=== INFORMATION SHOWN ===
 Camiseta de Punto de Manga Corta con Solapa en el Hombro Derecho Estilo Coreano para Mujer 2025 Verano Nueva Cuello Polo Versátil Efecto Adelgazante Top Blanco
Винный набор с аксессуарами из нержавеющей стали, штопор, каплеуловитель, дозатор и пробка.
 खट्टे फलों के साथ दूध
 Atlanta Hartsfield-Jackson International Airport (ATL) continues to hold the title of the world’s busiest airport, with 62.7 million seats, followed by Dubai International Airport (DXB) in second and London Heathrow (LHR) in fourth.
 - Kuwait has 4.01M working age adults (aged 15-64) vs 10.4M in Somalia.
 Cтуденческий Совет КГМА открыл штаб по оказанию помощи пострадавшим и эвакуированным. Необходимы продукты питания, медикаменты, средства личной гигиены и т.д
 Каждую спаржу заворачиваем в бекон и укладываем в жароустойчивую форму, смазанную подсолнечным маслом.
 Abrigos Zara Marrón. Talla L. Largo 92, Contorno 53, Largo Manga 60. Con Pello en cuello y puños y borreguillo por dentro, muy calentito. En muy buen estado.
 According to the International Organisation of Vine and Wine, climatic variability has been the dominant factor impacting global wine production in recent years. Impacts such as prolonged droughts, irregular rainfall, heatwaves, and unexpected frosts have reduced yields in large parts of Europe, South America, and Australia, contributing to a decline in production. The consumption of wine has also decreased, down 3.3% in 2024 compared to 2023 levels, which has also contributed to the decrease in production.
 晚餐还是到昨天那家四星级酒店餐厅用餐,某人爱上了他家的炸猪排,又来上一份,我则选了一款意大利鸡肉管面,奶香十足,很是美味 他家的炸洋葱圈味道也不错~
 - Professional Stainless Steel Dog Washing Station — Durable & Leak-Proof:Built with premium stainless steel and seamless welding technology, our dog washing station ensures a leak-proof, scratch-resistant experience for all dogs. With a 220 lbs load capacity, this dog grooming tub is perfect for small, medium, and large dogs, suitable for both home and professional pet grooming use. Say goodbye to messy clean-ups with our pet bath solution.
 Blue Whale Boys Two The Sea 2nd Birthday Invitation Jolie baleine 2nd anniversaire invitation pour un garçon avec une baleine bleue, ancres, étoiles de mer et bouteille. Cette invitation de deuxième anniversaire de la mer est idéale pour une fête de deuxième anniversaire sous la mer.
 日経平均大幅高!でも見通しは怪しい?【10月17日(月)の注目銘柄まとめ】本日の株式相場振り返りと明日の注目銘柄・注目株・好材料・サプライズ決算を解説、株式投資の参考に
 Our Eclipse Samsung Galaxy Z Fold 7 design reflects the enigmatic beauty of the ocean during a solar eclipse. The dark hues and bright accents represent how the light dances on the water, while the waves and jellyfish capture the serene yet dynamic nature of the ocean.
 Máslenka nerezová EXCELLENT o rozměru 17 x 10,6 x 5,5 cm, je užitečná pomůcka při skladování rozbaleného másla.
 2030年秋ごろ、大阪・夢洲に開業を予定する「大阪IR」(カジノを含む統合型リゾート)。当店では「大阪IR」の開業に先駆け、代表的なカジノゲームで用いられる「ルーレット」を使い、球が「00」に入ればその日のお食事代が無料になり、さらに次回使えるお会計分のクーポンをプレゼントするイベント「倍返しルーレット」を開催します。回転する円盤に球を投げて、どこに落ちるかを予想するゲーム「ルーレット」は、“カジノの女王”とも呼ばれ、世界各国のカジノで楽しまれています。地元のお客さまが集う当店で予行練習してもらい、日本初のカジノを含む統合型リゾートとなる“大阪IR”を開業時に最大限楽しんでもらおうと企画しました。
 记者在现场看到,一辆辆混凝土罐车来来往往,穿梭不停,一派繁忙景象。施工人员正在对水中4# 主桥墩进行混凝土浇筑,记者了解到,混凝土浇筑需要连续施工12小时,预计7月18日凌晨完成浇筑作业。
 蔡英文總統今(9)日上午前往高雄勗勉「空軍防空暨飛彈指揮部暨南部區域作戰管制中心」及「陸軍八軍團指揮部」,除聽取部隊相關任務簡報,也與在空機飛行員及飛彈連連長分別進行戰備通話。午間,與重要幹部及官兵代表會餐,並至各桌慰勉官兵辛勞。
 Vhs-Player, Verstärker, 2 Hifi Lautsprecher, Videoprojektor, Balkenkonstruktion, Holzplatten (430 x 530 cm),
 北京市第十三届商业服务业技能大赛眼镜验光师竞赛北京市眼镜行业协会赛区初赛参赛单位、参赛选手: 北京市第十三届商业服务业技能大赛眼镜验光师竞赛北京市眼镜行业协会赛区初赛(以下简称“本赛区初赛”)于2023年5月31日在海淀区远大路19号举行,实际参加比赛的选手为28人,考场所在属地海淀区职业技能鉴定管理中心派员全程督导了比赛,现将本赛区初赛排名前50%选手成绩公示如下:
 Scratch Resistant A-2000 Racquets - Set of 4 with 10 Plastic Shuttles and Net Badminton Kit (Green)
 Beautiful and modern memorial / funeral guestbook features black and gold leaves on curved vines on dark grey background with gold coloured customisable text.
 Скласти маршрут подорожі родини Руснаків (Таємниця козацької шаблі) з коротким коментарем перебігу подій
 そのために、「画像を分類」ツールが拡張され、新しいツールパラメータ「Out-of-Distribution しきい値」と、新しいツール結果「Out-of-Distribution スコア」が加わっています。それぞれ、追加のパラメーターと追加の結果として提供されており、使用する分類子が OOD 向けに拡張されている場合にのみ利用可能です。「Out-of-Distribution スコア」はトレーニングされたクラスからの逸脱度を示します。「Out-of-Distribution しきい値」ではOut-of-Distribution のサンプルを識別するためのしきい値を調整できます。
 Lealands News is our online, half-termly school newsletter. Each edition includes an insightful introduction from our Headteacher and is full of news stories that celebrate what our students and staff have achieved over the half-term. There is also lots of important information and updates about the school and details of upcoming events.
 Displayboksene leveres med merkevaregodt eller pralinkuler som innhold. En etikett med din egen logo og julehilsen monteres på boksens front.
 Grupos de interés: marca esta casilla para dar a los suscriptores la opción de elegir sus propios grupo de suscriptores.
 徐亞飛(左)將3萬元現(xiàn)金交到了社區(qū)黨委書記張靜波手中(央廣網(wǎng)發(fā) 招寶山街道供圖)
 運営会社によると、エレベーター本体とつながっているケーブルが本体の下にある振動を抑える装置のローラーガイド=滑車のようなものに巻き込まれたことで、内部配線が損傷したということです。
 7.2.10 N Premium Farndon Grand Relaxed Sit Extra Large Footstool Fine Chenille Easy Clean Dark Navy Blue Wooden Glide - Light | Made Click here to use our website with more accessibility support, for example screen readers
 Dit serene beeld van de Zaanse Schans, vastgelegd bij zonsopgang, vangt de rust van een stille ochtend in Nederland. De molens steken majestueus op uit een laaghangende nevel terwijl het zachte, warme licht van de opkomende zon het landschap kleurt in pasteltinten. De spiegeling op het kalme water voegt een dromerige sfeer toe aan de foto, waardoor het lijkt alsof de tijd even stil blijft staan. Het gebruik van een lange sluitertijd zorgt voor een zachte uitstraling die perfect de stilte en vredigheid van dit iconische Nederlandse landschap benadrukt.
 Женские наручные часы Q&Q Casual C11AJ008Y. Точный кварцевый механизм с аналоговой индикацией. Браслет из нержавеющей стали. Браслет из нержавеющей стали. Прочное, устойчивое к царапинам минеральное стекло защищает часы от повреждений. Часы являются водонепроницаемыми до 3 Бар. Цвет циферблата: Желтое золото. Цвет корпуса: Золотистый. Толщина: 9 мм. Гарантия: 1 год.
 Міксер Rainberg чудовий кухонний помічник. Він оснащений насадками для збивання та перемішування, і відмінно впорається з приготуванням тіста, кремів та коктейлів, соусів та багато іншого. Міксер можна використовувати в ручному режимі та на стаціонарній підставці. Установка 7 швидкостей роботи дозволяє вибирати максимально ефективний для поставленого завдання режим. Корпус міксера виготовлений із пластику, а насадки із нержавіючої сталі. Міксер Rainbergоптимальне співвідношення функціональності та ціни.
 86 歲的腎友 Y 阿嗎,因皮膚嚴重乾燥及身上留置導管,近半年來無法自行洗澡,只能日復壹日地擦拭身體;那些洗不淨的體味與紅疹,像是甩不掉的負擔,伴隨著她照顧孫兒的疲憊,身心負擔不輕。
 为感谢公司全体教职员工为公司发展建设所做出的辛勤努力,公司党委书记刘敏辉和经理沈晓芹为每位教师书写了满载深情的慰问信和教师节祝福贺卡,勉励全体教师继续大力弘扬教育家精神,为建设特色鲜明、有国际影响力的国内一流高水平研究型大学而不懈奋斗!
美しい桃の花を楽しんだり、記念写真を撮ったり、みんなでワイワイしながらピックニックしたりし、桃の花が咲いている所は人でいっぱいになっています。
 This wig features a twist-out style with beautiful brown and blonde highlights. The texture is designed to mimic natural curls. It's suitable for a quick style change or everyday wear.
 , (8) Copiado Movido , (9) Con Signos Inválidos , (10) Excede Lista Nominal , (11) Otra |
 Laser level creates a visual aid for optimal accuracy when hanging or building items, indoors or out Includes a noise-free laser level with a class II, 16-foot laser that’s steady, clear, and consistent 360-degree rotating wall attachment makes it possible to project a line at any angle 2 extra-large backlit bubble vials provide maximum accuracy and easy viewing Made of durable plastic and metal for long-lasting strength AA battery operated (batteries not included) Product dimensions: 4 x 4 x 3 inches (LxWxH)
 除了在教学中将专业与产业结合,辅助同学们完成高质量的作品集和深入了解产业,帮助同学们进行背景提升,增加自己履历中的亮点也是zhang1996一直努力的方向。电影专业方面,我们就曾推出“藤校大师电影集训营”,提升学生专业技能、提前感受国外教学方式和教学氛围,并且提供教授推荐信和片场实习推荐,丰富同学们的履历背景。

=== TASK TO COMPLETE ===
Return a word-for-word copy of the lines from the beginning of the listing to the line holding "晚餐还是到昨天那家四星级酒店", both kept.

=== WRITTEN SOLUTION ===
 Camiseta de Punto de Manga Corta con Solapa en el Hombro Derecho Estilo Coreano para Mujer 2025 Verano Nueva Cuello Polo Versátil Efecto Adelgazante Top Blanco
Винный набор с аксессуарами из нержавеющей стали, штопор, каплеуловитель, дозатор и пробка.
 खट्टे फलों के साथ दूध
 Atlanta Hartsfield-Jackson International Airport (ATL) continues to hold the title of the world’s busiest airport, with 62.7 million seats, followed by Dubai International Airport (DXB) in second and London Heathrow (LHR) in fourth.
 - Kuwait has 4.01M working age adults (aged 15-64) vs 10.4M in Somalia.
 Cтуденческий Совет КГМА открыл штаб по оказанию помощи пострадавшим и эвакуированным. Необходимы продукты питания, медикаменты, средства личной гигиены и т.д
 Каждую спаржу заворачиваем в бекон и укладываем в жароустойчивую форму, смазанную подсолнечным маслом.
 Abrigos Zara Marrón. Talla L. Largo 92, Contorno 53, Largo Manga 60. Con Pello en cuello y puños y borreguillo por dentro, muy calentito. En muy buen estado.
 According to the International Organisation of Vine and Wine, climatic variability has been the dominant factor impacting global wine production in recent years. Impacts such as prolonged droughts, irregular rainfall, heatwaves, and unexpected frosts have reduced yields in large parts of Europe, South America, and Australia, contributing to a decline in production. The consumption of wine has also decreased, down 3.3% in 2024 compared to 2023 levels, which has also contributed to the decrease in production.
 晚餐还是到昨天那家四星级酒店餐厅用餐,某人爱上了他家的炸猪排,又来上一份,我则选了一款意大利鸡肉管面,奶香十足,很是美味 他家的炸洋葱圈味道也不错~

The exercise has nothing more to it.